I'm trying to do some low level surface detail on my outcrops scene, however, I notice some strange behavior. When you offset terrain, and than try to compute normal/terrain/texture coordinates the parts that are extremely offset on lateral, but become flat, can't really be effected by surface layers or fractal warp. Even though they're pretty "Normal" once offseted (the tops). Some of the sides of the offsetted laterals also won't take these small surface details but most will. Though I can warp the overall shape with large scales and warp shader, though again, smaller scales don't effect the tops, only the terrain which was never effected by lateral displacement.

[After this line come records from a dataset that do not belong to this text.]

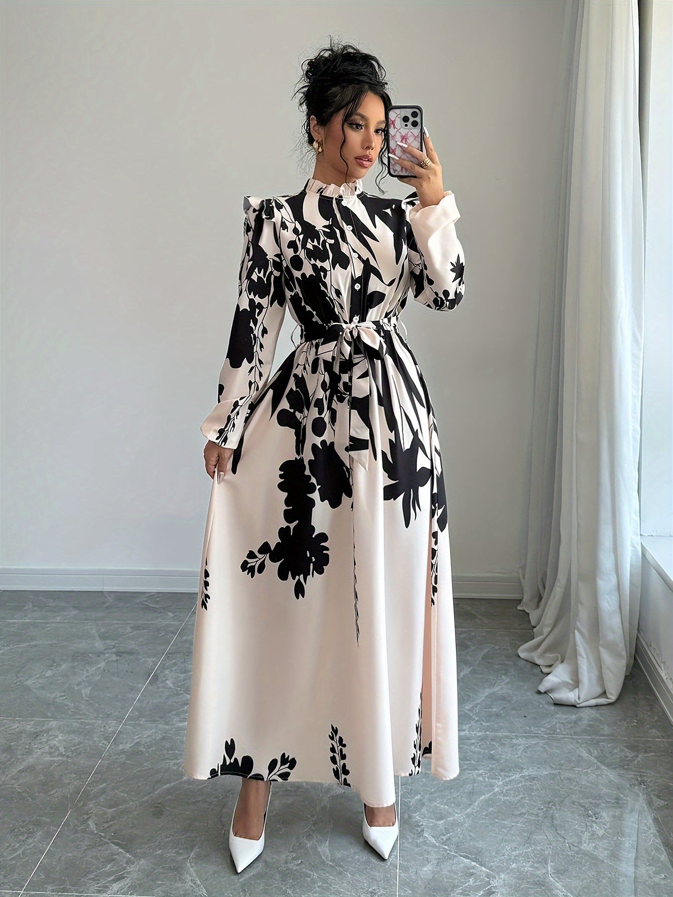Step out in confidence this fall and winter with our Women's Floral Print A-Line Dress, the epitome of chic elegance. Whether you're attending a formal gathering or enjoying a cozy evening out, this dress ensures you'll be the center of attention with its exquisite design and comfortable fit. Add this stunning piece to your wardrobe and embrace the beauty of seasonal style.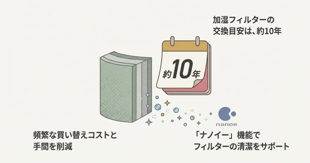 気化式はフィルターの手入れが必須と言われてきましたが、パナソニックの「FE-KX07C」などは、加湿フィルターの交換目安がなんと約10年(型番:FE-ZKE07)と、ものすごく長寿命なんです。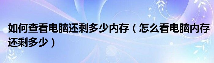 关于如何查看电脑还剩多少内存,怎么看电脑内存还剩多少这个很多人还不知道,今天菲菲来为大家解答以上的问题,现在让我们一起来看看吧!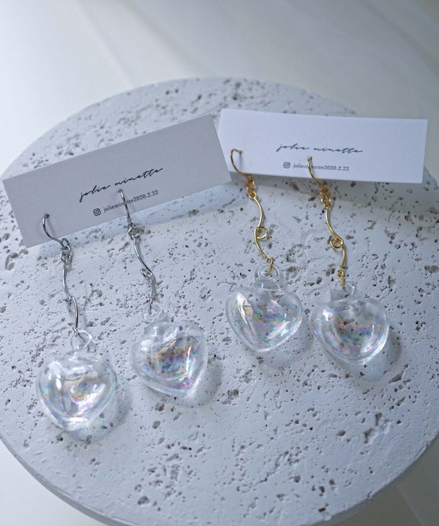 【素材】 サージカルステンレス ボール スタッド、フック ピアス ネジ式ニッケルフリーイヤリング(取り外し可能、シリコンゴム付き) 金属アレルギー対応素材 オーロラ加工 水入りハート型ガラスドーム 【サイズ】 重さ:片耳 約3g 全体的な長さ:約6cm ハート型ガラスサイズ:約横2cm×縦2.5cm 【アクセサリーのポイント】 ガラスで作られたハートの中には、 お水が入っており、見ていても楽しいデザインです。 ガラスにはオーロラ加工がされており、美しい商品です。 くるっとしたコネクターがハートと合わさり 可愛らしさがあるデザインに仕上げました。 【お取り扱い注意】 ガラス素材を使用した商品です。 強い力が加わることで 破損する恐れがございますので お取り扱いにはご注意くださいませ。 【お水入りガラスについて】 ひとつひとつ手作りされたパーツのため、 中に入っているお水の量には、 半分より多いもの、半分より少ないものもございます。 また、ガラスの形、オーロラ加工も手作りのため 多少の誤差があることをご了承いただけますと幸いです。 _____________________ ※アレルギーの原因はさまざまです。 アレルギーが起きにくい素材ではありますが、 すべての方にアレルギーが起きないことを お約束するものでありません。 アレルギー反応が出た場合は、ご使用をお控えくださいませ。 ※商品画像のアクセサリーはサンプル品にて撮影しております。 ※サンプルでの採寸のためあくまで目安となります。予めご了承ください。 ※撮影時の自然光の強さ、明るさ、PCやスマートフォンの環境により写真の色味が実際の商品と異なって見える場合がございます。ご了承の上お買い求め下さいませ。 【お手入れ方法】 ご使用後の皮脂汚れなどや、水に濡れた場合は、柔らかい布などでふき取っていただくことを推奨しております。 【保管方法】 ご使用になられない場合は、直射日光や、紫外線を避けた場所での保管を推奨しております。 さらに、チャック付きの袋などに入れることでより、ジュエリーを綺麗に保つことができます。

Any ideas what this might be? What I was thinking is the displacement I "want" is offsetted "below" what is present in the render, which is why larger scales do effect it.

WAS

Was able to defeat this by giving my base displacement and lateral a much smaller (0.001) smallest scale which gave the tops some base displacement that blends with the fictionalization, but than gives more detail to the fractalized zones on the sides.  Still interesting behavior, you'd think the tops would be the easiest for TG to displace with surface shaders.

Matt

Fractal warp isn't displacement, and it doesn't know about the flat tops. It distorts the texture coordinates used by the input shaders, and this changes what the input shaders produce. Now, the flat tops are flat because they are stretched out from a much smaller area of the original surface. The fractal warp is affecting the surface that would have been before it was stretched out. The stretch is the dominant effect, and the effect of the warp is barely perceptible.
Just because milk is white doesn't mean that clouds are made of milk.

Dune

Fractal warp doesn't even know after having added a compute terrain/normal and/or XYZ shader?

WAS

Quote from: Matt on September 21, 2018, 01:06:40 AM
Fractal warp isn't displacement, and it doesn't know about the flat tops. It distorts the texture coordinates used by the input shaders, and this changes what the input shaders produce. Now, the flat tops are flat because they are stretched out from a much smaller area of the original surface. The fractal warp is affecting the surface that would have been before it was stretched out. The stretch is the dominant effect, and the effect of the warp is barely perceptible.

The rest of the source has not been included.